Magistrado ponente: Hermán Galán Castellanos

CORTE SUPREMA DE JUSTICIA Rad. 16.982. Casación. ALVARO MENDEZ LOPEZ Proceso No 16982 CORTE SUPREMA DE JUSTICIA SALA DE CASACION PENAL MAGISTRADO PONENTE Dr. HERMAN GALAN CASTELLANOS APROBADO ACTA No. 169 (01-11-01) Bogotá, D.C., trece (13) de noviembre de dos mil uno (2001). VISTOS Se resuelve sobre la admisibilidad de la demanda de casación presentada por el defensor de ALVARO MENDEZ LOPEZ contra la sentencia proferida por el Tribunal Nacional, que confirmó con modificaciones el fallo proferido por un Juzgado Regional de esta capital, mediante el cual se condenó a aquél por el delito previsto en el artículo 33 - 1 de la ley 30 de 1986.

ANTECEDENTES A través de una llamada anónima el Coronel del Grupo de Inteligencia de la Fuerza Aérea Colombiana fue enterado que en el avión presidencial, que al día siguiente se desplazaba a los Estados Unidos, se habían camuflado sustancias estupefacientes. Al realizar el operativo de verificación fueron hallados 3.546.7 gramos de heroína, distribuidos en una de las secciones de la nariz y en la bodega delantera de carga de la aeronave.

Los apellidos de los responsables del hecho suministrados por la persona que dio la información anónima corresponden a quienes en el proceso fueron identificados como CIRO ANTONIO GUEVARA OCAMPO y CARLOS ADOLFO CABARCAS GUERRERO, personas que habían sido designadas como parte de la tripulación para realizar el vuelo. Estos junto con ALVARO MENDEZ LOPEZ tuvieron acceso a los lugares donde se halló la droga.

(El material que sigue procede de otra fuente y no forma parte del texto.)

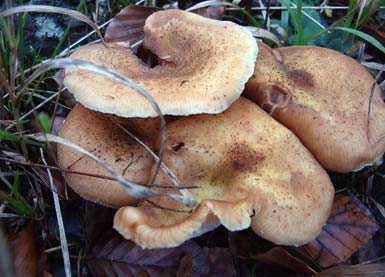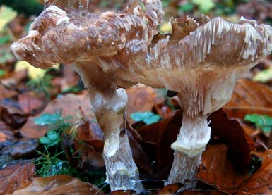 Essbar, nicht für jeden bekömmlich Gefunden an Baumstümpfen ab September Büscheliges Auftreten Baumschädling Mittelgroße Pilze, Hut- durchmesser 2 - 8 cm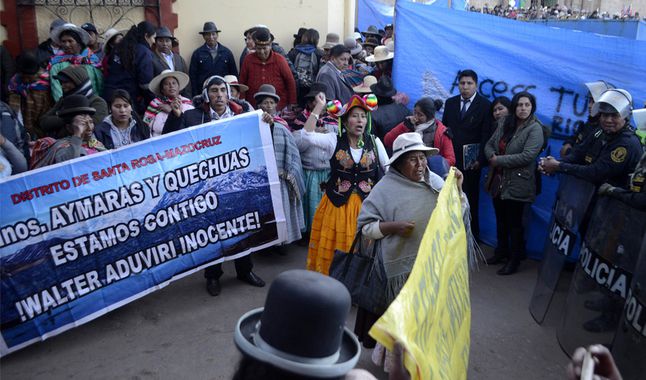 Un fuerte contingente policial resguarda la movilización en la que participan comuneros, dirigentes, y el excongresista Jorge Rimarachín, a espera de oír la lectura de sentencia contra Aduviri. Luego de ello, se reunirán para evaluar la fecha para convocar lo que denominan el “segundo Aymarazo”.

La presente causa solamente se adelantó contra los tres técnicos de la FAC en mención, en razón a la ruptura de la unidad procesal que ordenó la Fiscalía en relación con los demás incriminados. ACTUACION PROCESAL Un Fiscal Regional de Bogotá adelantó investigación contra CIRO ANTONIO GUEVARA OCAMPO, CARLOS ADOLFO CABARCAS GUERRERO y ALVARO MENDEZ LOPEZ.

Luego de vinculados mediante indagatorias, resolvérseles situación jurídica y practicar algunas pruebas, se cerró la investigación, calificándose el sumario con providencia del 28 de abril de 1997, en la que se acusó a aquéllos como coautores del delito previsto en el inciso primero del artículo 33 de la ley 30 de 1986. En segunda instancia (8 de octubre de 1997) aquélla decisión fue confirmada por la Fiscalía Delegada ante el Tribunal Nacional.

Un Juzgado Regional de Bogotá, agotada la etapa del juicio, dictó sentencia (5 de noviembre de 1998) condenando a CIRO ANTONIO GUEVARA OCAMPO, CARLOS ADOLFO CABARCAS GUERRERO y ALVARO MENDEZ LOPEZ, a la pena principal de 7 años y 6 meses de prisión y a las accesorias de ley, negándoles la condena de ejecución condicional, por el delito imputado en la resolución de acusación. El defensor de los procesados inconforme con la decisión de primera instancia la impugnó reclamando la absolución o en subsidio la revisión de la dosificación de la pena.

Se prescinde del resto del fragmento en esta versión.